A shortage of homes has then seen short term accommodation used including hotels. In October 2023 it emerged Greenwich Council are spending £800,000 each month on Travelodge hotel rooms.
In addition the homeless household total in the borough stood at 1,800 compared to 443 in 2015/16 and up 13.5 per cent on the previous year.
A further 33 homes are set to be purchased in Woolwich on Sandy Hill Road.
Financial sense?
Compared to paying high costs for hotels and emergency housing this move makes some sense but at a wider level it’s symbolic of how dysfunctional housing is in the UK.
Rather than councils or public bodies developing directly we see public money buying homes from private developers after they’ve made a profit generally in the ballpark of 20 per cent. That’s big sums. In 2022 Taylor Wimpey made a profit of £923.4 million.
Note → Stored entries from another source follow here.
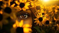 Haar mooie bruine ogen versmelten met de schoonheid van de zonnebloemen, het gouden zonlicht maakt het een krachtig geheel.
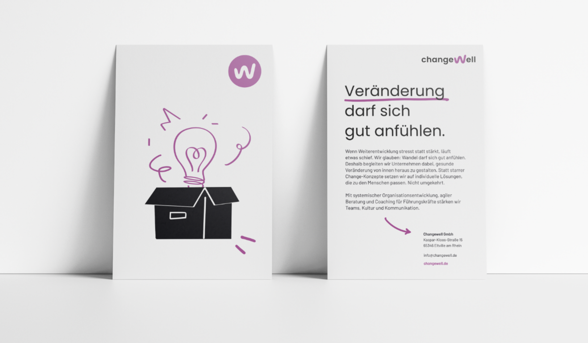 Changewell ist eine Beratung für Organisation, Führung und Kultur. Im Fokus stehen systemische Organisationsentwicklung, agile Beratung und Coaching für Führungskräfte mit dem Ziel, Veränderung gesund zu gestalten. Unsere Aufgabe: Markenentwicklung von Grund auf plus Brandguide.
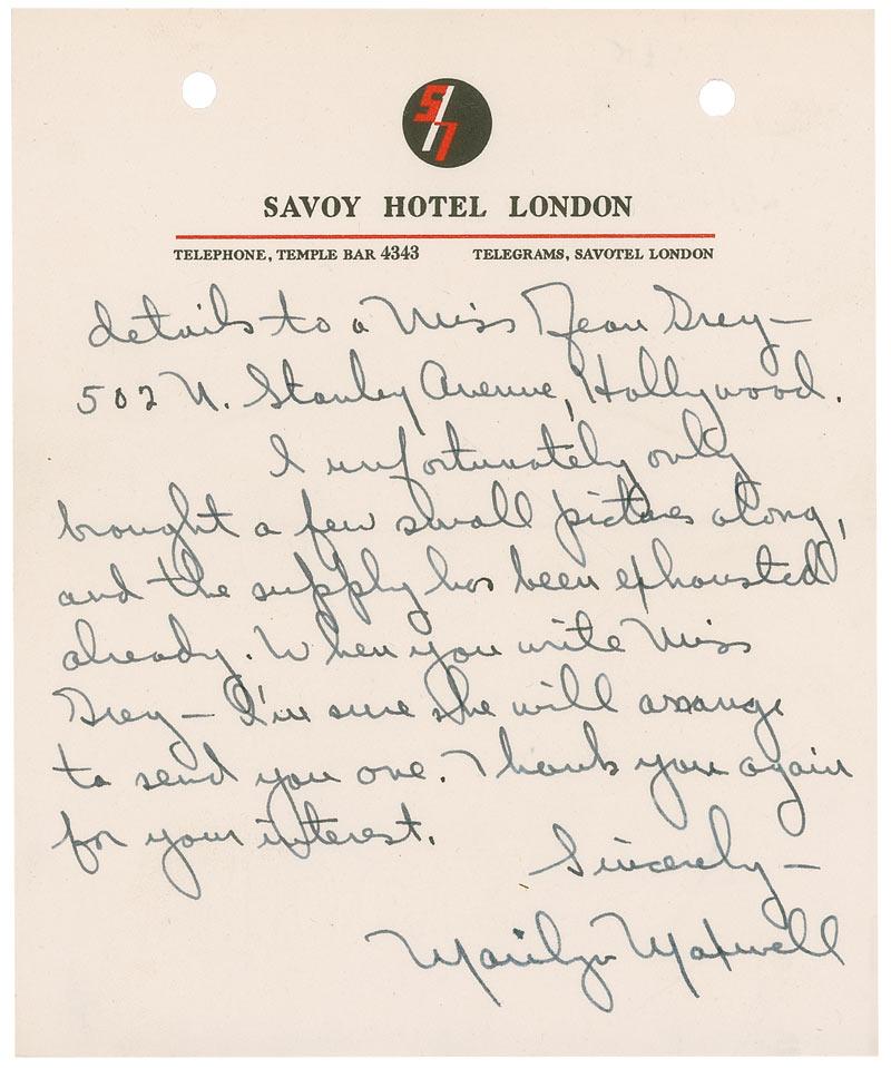 ALS, two pages, 5.25 x 6.5, Savoy Hotel London letterhead, July 26, 1948. Letter to a fan. In part: “I would be very honored to have you start a fan club for me. I do have a national fan club in America, and I believe we have an English branch. If you like, you can write for all details to Miss Jean Grey…I unfortunately only brought a few small pictures along, and the supply has been exhausted already. When you write Miss Grey–I’m sure she will arrange to send you one.” In fine condition, with a uniform shad of mild toning, and two punch holes to top of each page.
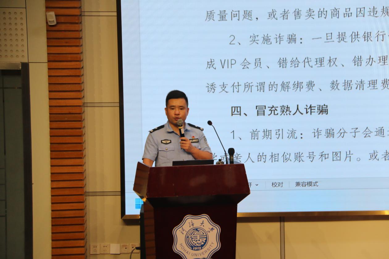 为切实筑牢校园安全防线,9月20日上午,河海大学水利水电学院邀请江宁开发区派出所曹警官在江宁会议中心二楼,为2025级新生举办了一场反诈专题讲座,由2025级本科生辅导员侯开智主持,352名2025级全体新生参加。
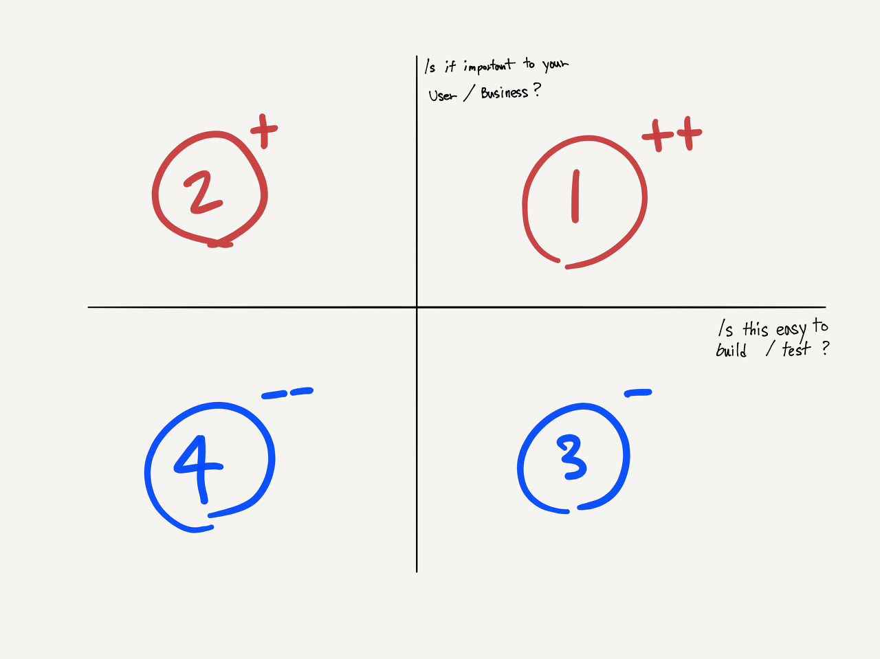 아무리 Persona를 기반으로 작업한다고 하더라도, 많은 Task들이 눈앞에 닥칠 경우, 개발팀은 당연히 많은 작업량 때문에 시작도 하기 전 겁을 먹을 수 있고, 무엇을 어떻게 시작해야 할 지에 당황하고 걱정하기 마련입니다. 그리고 이런 상황에서 리소스(Resource)는 지극히 한정되어 있기 때문에 항상 우선순위를 두고 작업을 진행하는 것은 상당히 중요합니다. 그리고 제가 일하는 팀은 이를 해결하기 위해 몇 가지 기준을 가지고,
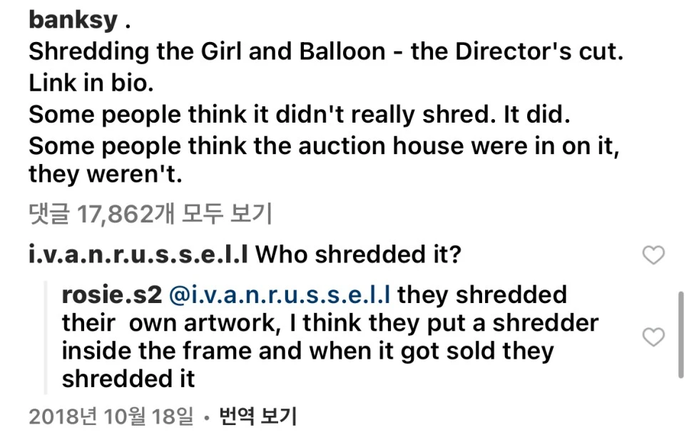 뱅크시는 해당 해프닝 이후 며칠 뒤, 액자 내부에 숨겨둔 파쇄기를 직접 작동시켜서 작품을 스스로 찢는 해프닝을 사전 계획한 사실을 그의 인스타그램 포스팅으로 알렸습니다.
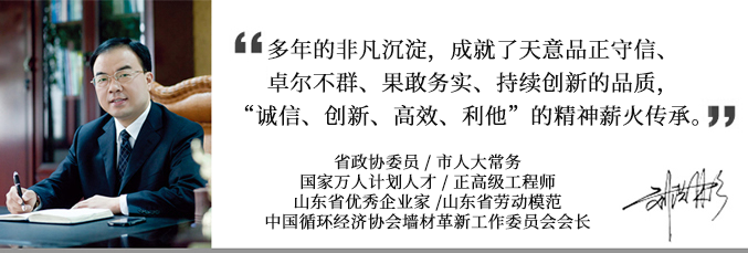 時(shí)光荏苒,風(fēng)雨砥礪,多年的非凡沉淀,成就了天意品正守信、卓爾不群、果敢務(wù)實(shí)、持續(xù)創(chuàng)新的品質(zhì),“誠信、創(chuàng)新、高效、利他”的精神薪火傳承。持續(xù)發(fā)展的品牌戰(zhàn)略和永不停息的創(chuàng)新步伐成就天意今天的輝煌。
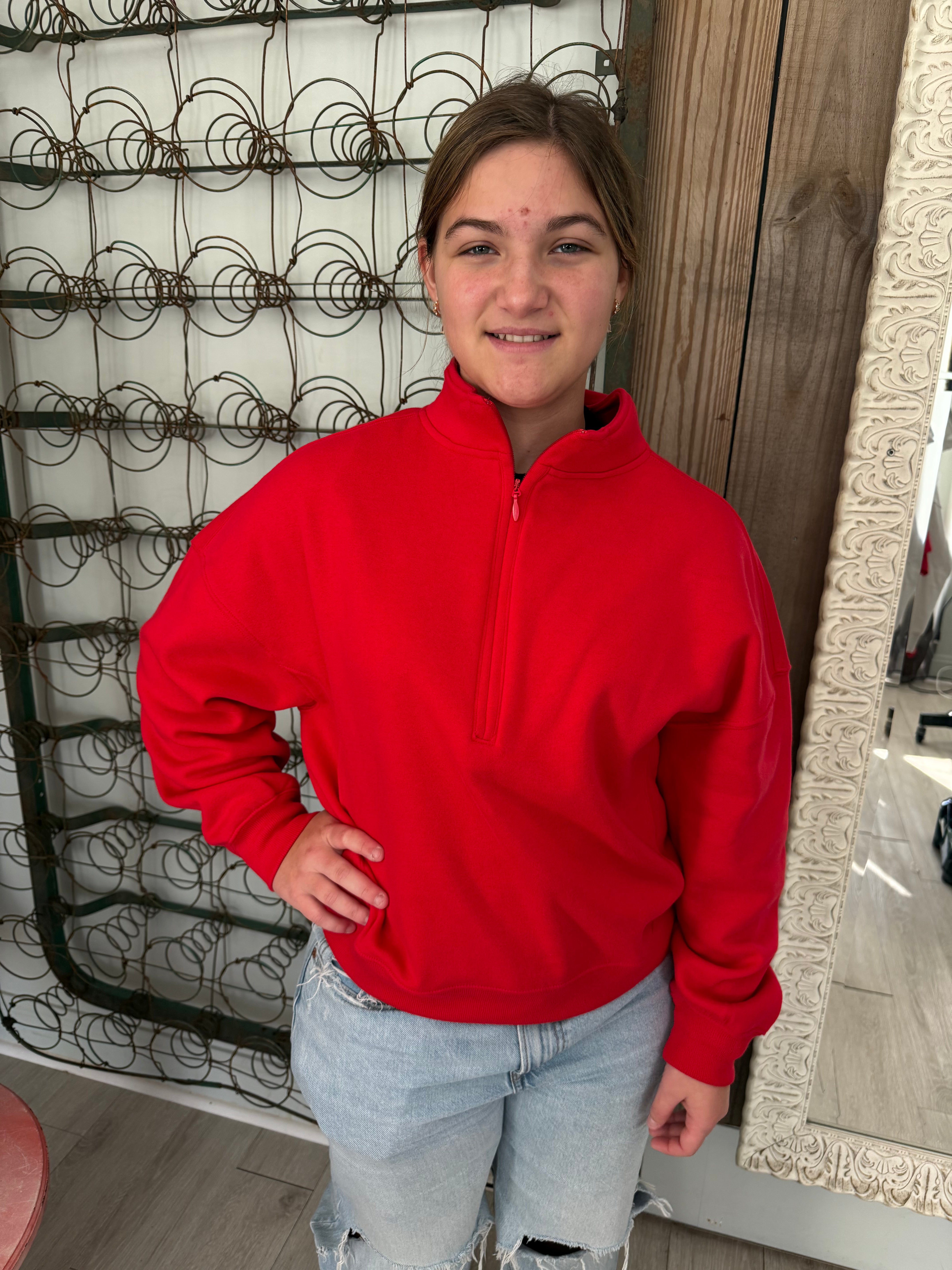 Keep It To Yourself Half-Zip Sweatshirt in Ruby *Doorbuster Deal*
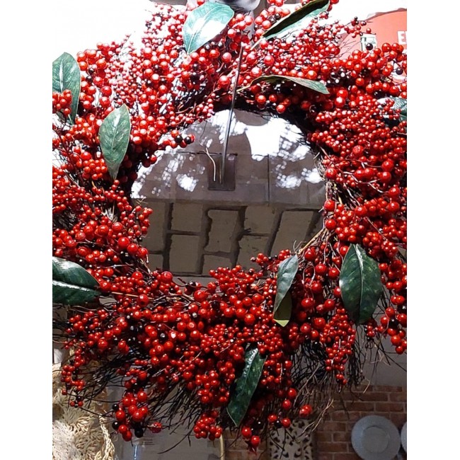 اكليل مصنوع من التوت الصناعي بتصميم شتوي
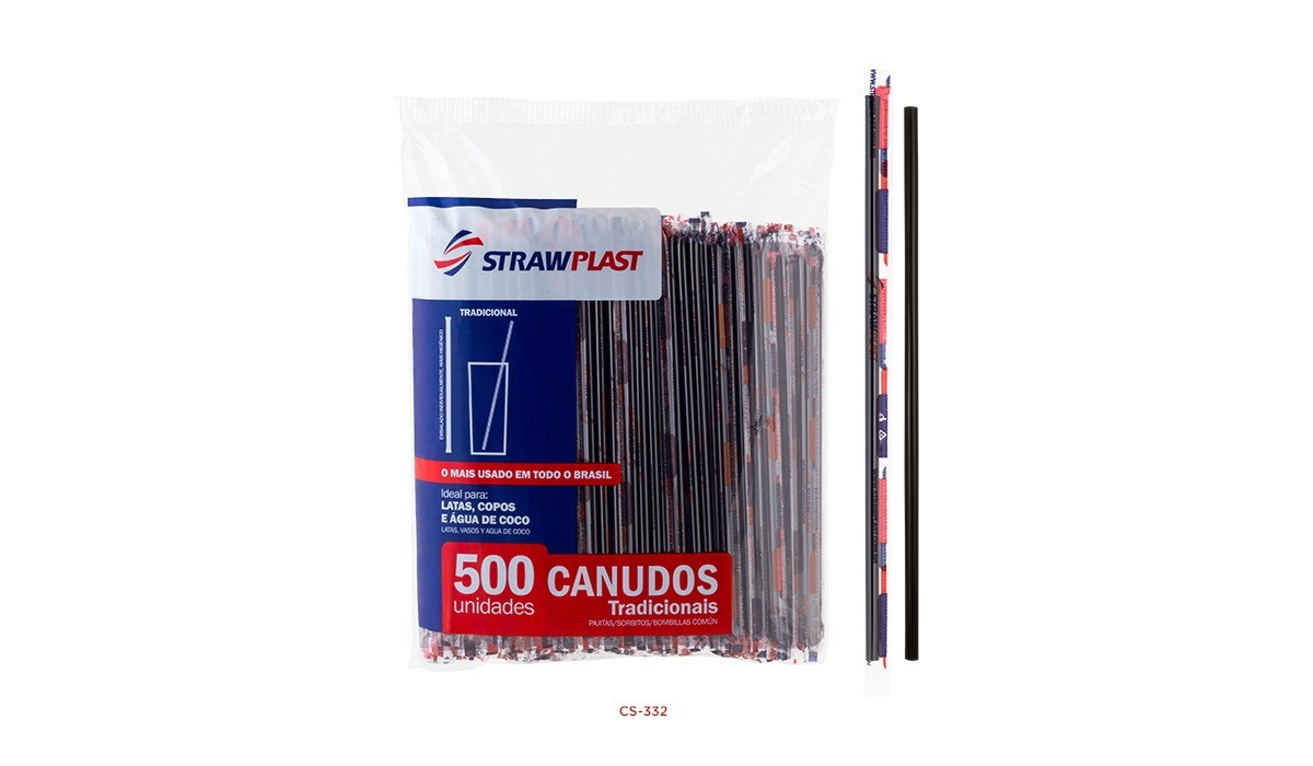 Embalagens com 200 ou 500 canudos.
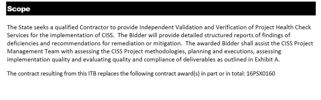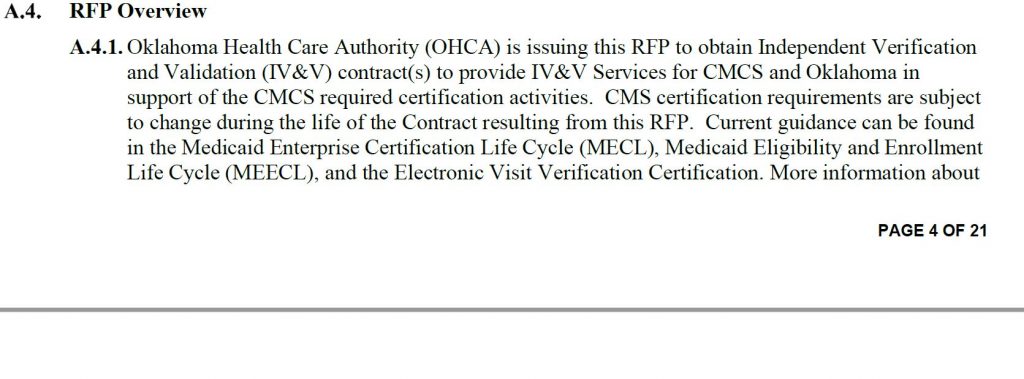 Buyer: OK Healthcare Authority | Due date: June 25, 2020 | Scope summary: IV&V for MMIS certification |
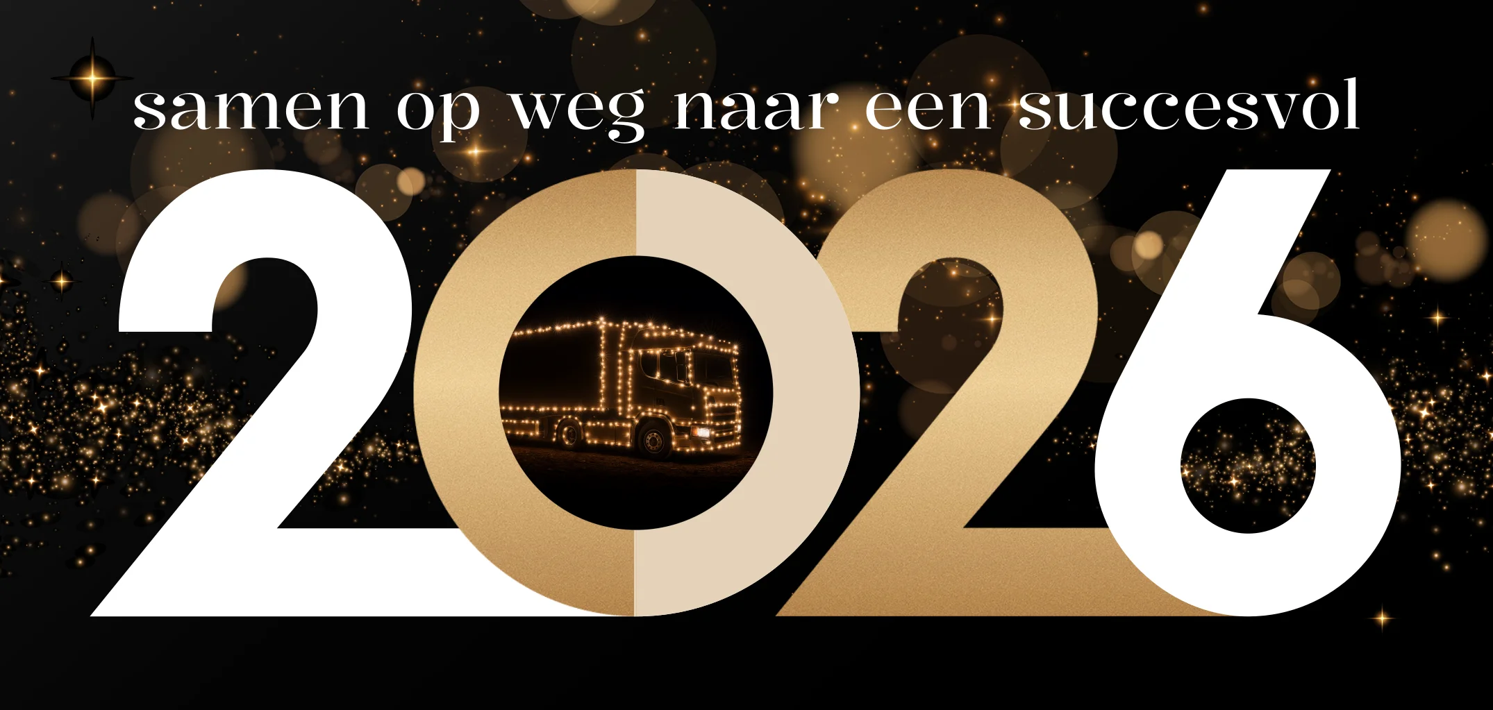 Zakelijke nieuwjaarskaart met goudlook en jaartal 2026. In het jaartal zie je een verlichte vrachtwagen met sprankelende lichtjes. Een perfecte kerstkaart voor bedrijven in de transport of internationale branche. Je zal met deze kerstkaart zeker indruk maken op je klanten en zakenrelaties.
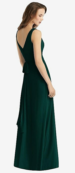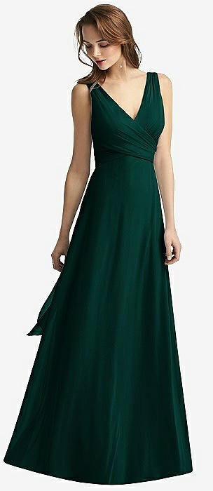 Sleeveless V-Neck Chiffon Wrap Dress in evergreen
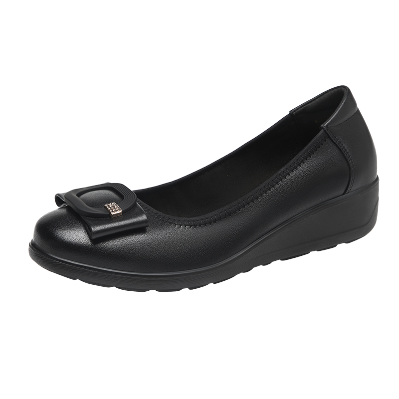 坡跟妈妈浅口单鞋 新款 牛皮简约女士皮鞋 时尚 红蜻蜓女鞋 豆豆鞋 秋季
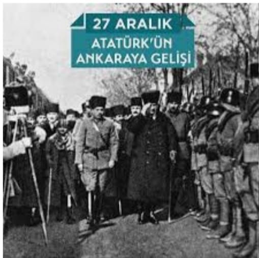 Cumhurbaşkanı Recep Tayyip Erdoğan, 27 Aralık Gazi Mustafa Kemal Atatürk’ün Ankara’ya gelişinin yıl dönümü dolayısıyla bir mesaj yayımladı. Erdoğan mesajında, "Gazi Mustafa Kemal Atatürk ve İstiklal Savaşı’nın tüm kahramanlarını saygı ve rahmetle anıyor, tüm Ankaralıları en kalbi duygularımla selamlıyorum” ifadelerini kullandı..
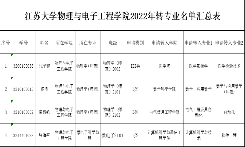 根据《一帆视频 本科生转专业实施办法》(江大校〔2018〕10号)、《关于做好2022年本科生转专业工作的通知》(江大教〔2022〕56号)等文件精神,经个人申报、学院审核,现将符合条件的同学公示如下:
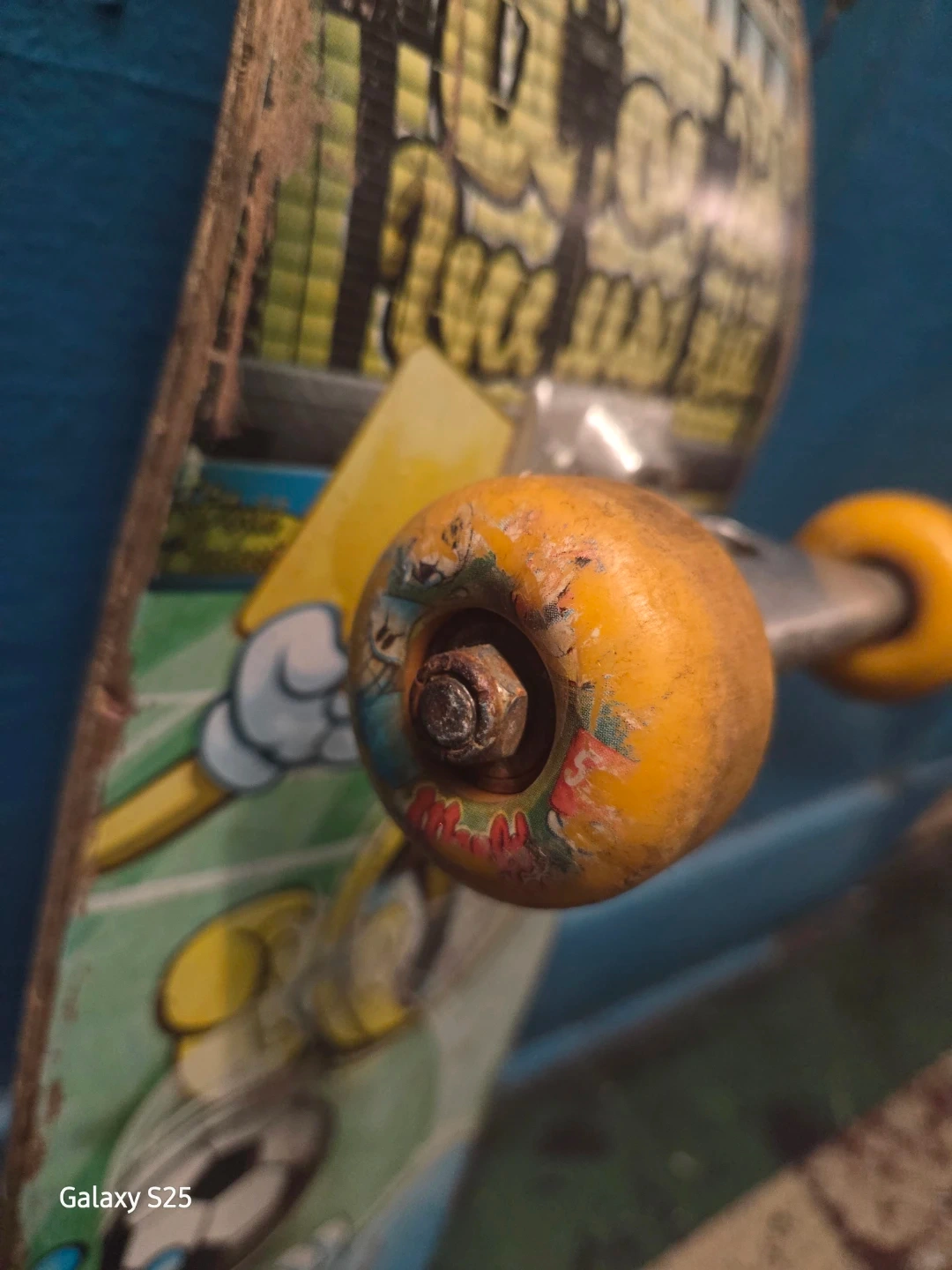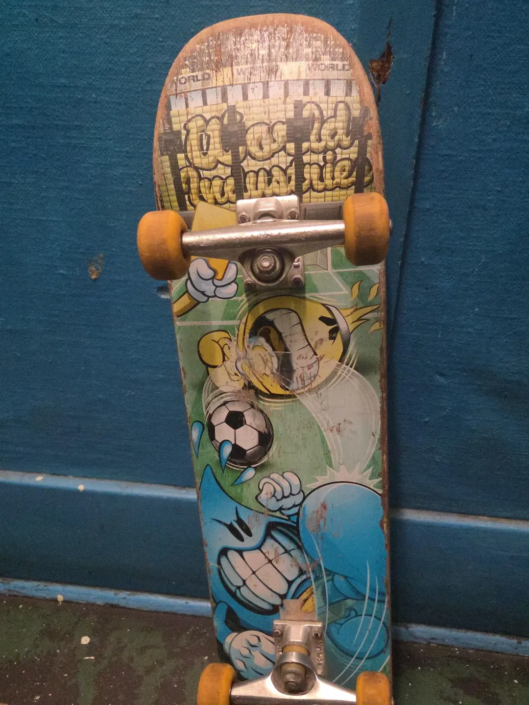 This is a used skateboard featuring colourful cartoon graphics. It has yellow wheels and standard metal trucks. The deck shows signs of wear and tear, consistent with regular use.

Public authorities building directly on public land would lessen costs allowing funds to go further in providing secure homes and reducing pressure on public finances. According to the report GMV for example, is “being delivered by Taylor Wimpey and the development site is owned by the GLA”.
We’ve seen plenty of examples of public land being sold on with no social homes in recent years or developed at levels of unaffordability for those on minimum or low wages. See Pocket Living in Charlton. See the combined leisure centre and residential site in Woolwich that see’s an increase of just 24 new council homes out of almost 500 set to be built.
For many years private developers have done extremely well out of the public purse while taxpayers and those in need of good quality housing lose out.
This latest move will help some of course and is much better than living in a hotel – but not as many as a sensible development strategy could. For that we need further serious government reform, and that seems unlikely.